#### [DATA EXTRACT]
★ ★ ★

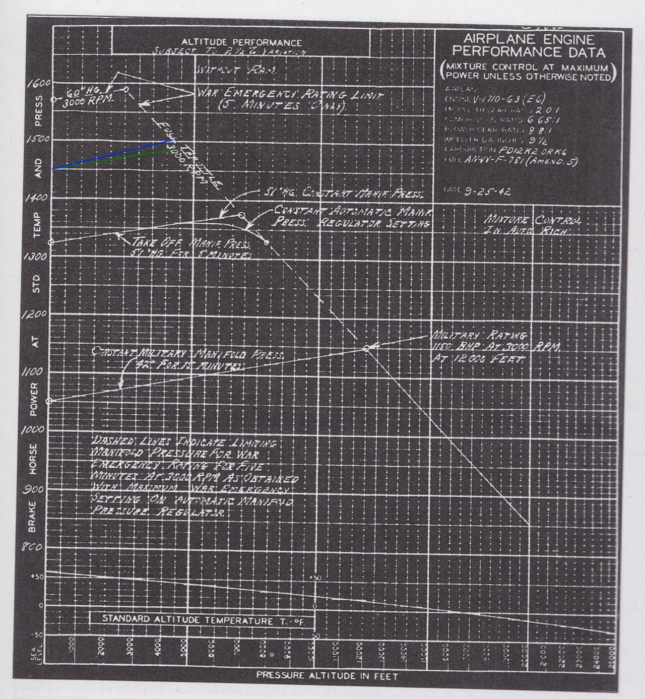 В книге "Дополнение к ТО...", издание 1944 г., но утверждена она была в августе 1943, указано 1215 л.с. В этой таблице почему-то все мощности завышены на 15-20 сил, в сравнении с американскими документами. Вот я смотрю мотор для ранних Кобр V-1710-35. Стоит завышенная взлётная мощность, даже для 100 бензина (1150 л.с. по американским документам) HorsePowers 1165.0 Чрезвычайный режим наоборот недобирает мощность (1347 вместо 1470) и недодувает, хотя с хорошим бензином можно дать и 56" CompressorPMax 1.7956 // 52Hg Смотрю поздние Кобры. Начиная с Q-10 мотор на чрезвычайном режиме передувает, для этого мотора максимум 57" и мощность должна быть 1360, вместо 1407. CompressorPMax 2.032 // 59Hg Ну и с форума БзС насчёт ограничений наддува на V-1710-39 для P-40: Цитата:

★ ★ ★

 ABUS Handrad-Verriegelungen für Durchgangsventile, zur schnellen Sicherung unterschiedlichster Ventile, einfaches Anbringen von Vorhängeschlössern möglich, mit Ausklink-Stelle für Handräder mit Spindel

★ ★ ★

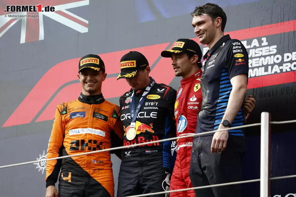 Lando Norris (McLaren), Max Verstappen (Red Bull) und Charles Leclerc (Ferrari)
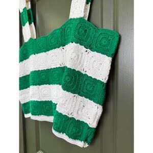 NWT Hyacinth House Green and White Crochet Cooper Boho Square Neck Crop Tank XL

★ ★ ★

#### [WHAT IS REQUIRED]
Look back over the records above. Reproduce exactly everything from the line with "Lando Norris (McLaren), Max" down to the line with "NWT Hyacinth House", inclusive, and leave the pictures out.

#### [ANSWER TO THIS EXERCISE]
 Lando Norris (McLaren), Max Verstappen (Red Bull) und Charles Leclerc (Ferrari)
 NWT Hyacinth House Green and White Crochet Cooper Boho Square Neck Crop Tank XL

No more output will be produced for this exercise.